Making Changes at the Core: Transforming Vancouver, Canada’s Viaduct System
The following post comes courtesy of Global Site Plans' The Grid. CNU and Global Site Plans recently teamed up to syndicate Grid content, as its contingent of writers present a view on the opportunities and issues of urbanization all across the world. CNU will carry select posts from the Grid direct on the CNU Salons.
At the eastern edge of downtown Vancouver, Canada remains the elevated viaducts of a freeway system that never came to be. In the 1960s, after a display of public engagement that has become legend in Vancouver, a proposed expressway was successfully opposed making Vancouver one of the only cities in North America without a major highway running through its core. Two viaduct roadways remain as monuments to this struggle. Now, city planners and the local communities agree; it’s time for them to go.
The viaducts, which move more than 40,000 commuters to and from the downtown core each day, have been criticized for acting as dividers between neighborhoods. In early 2012, a team of structural engineers and urban planners proposed the viaducts be removed and the land used for an at-grade road network that would permit more parkland and mixed-use development in the area. The proposal ensures commuting efficiency, while adding much needed waterfront access to Vancouver’s False Creek Inlet.
The at-grade plan would expand new roads built for the 2010 Olympic Winter Games and connect them with existing connector roads into the downtown core. In addition to ensuring that traffic patterns are not hindered, the plan proposes a more direct connection between Chinatown and False Creek, citing the possibility of a new waterfront retail and recreation area for the community.
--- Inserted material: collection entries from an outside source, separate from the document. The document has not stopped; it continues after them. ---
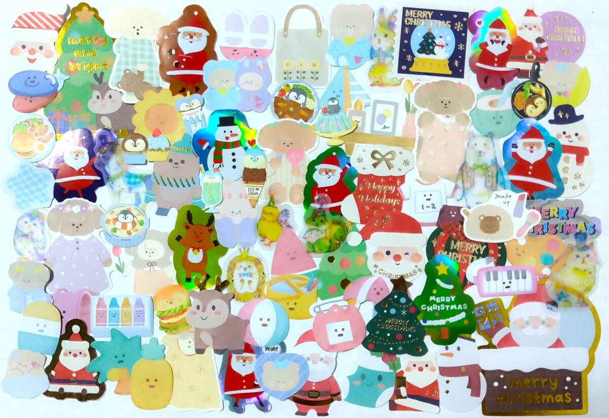 - 新品&即決 フレークシール 全柄違い 80枚/動物 猫 うさぎ/クリスマス サンタ トナカイ/学校 文房具/サマー 夏/フード ペンギン/送料無料
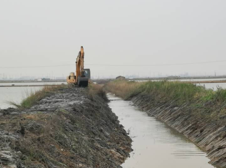 為了保障養(yǎng)殖正常生產(chǎn),營造良好的投資環(huán)境。近期,養(yǎng)殖服務(wù)公司配合投資發(fā)展部對部分淤塞嚴重,長滿雜草的海水養(yǎng)殖池塘進、排水渠道進行疏通。圖為南翼綠化工程公司正在用挖掘機械理順進、排水渠道。(養(yǎng)殖服務(wù))
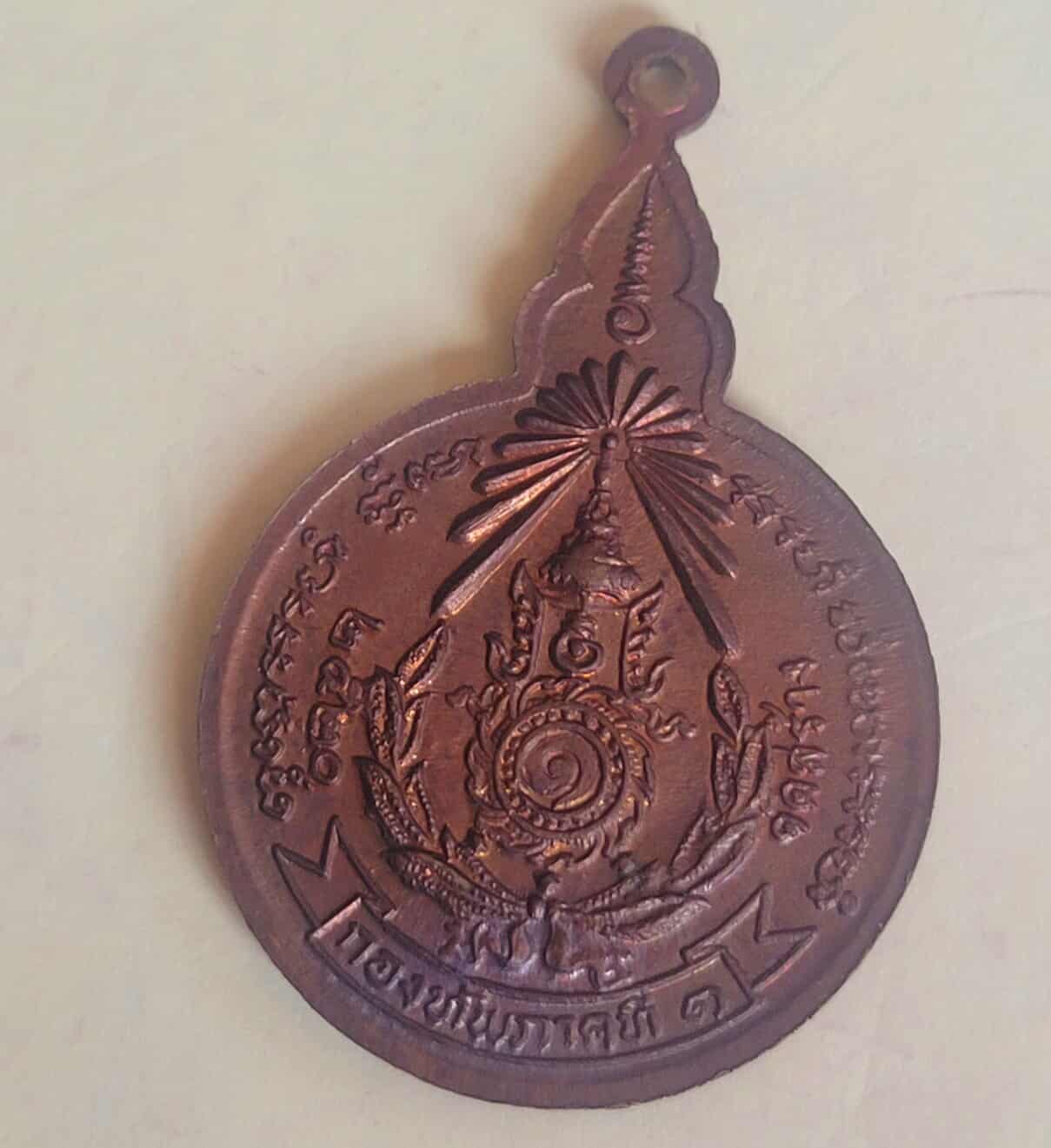 เหรียญหลวงปู่แหวน วัดดอยแม่ปั๋ง เชียงใหม่ รุ่นครอบจักรวาล สร้างโดย กองทัพภาคที่ 1 เนื้อทองแดงปี 2520 เหรียญไม่ผ่านการใช้ |
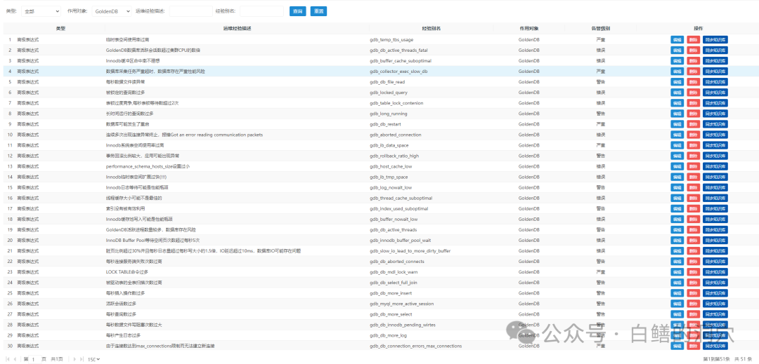 通过对GDB官方文档的学习,我们目前在GDB集群上构建了51条故障模型,这当然是闭门造车的结果,是否有效,必须在实际生产环境中去做验证,并从实际生产环境中不断提炼新的故障模型。加上三十多条通用故障模型,在GDB的运维经验模板中已经有80多条运维经验了。
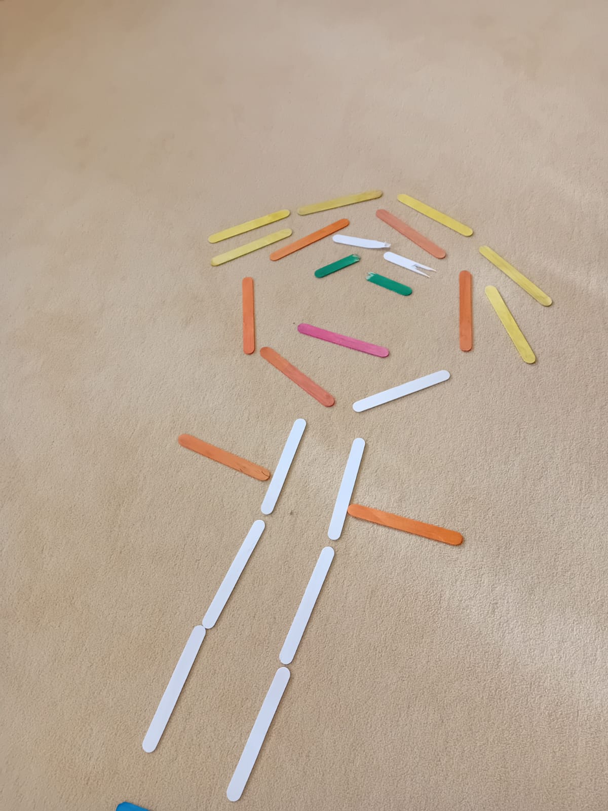 Každé ráno v kroužku po uvítací básničce upevňujeme číselnou řadu tím, že se děti střídají v počítání všech přítomných. Poté zkoušíme různé varianty, které prověří pohotovost a vnímání dětí, například spočítej jen kluky, nebo ty, co mají dnes krátký rukáv a podobně. Tento týden jsme počítali na prstech do deseti a následně jsme všechny prsty pojmenovali.

The plan emphasizes contemporary design that is functional for the broader community.
Vancouver’s transportation engineer, Jerry Dobrovolny states that the proposal to remove the viaducts “is one of those big, city-shaping developments that come along only every two or three decades.” Whether or not the city takes full advantage of the city-shaping opportunity remains to be seen, but public consultations are well underway with the majority of city residents seeing the plan as a method of reconnecting communities long divided under the bridges of cement and steel.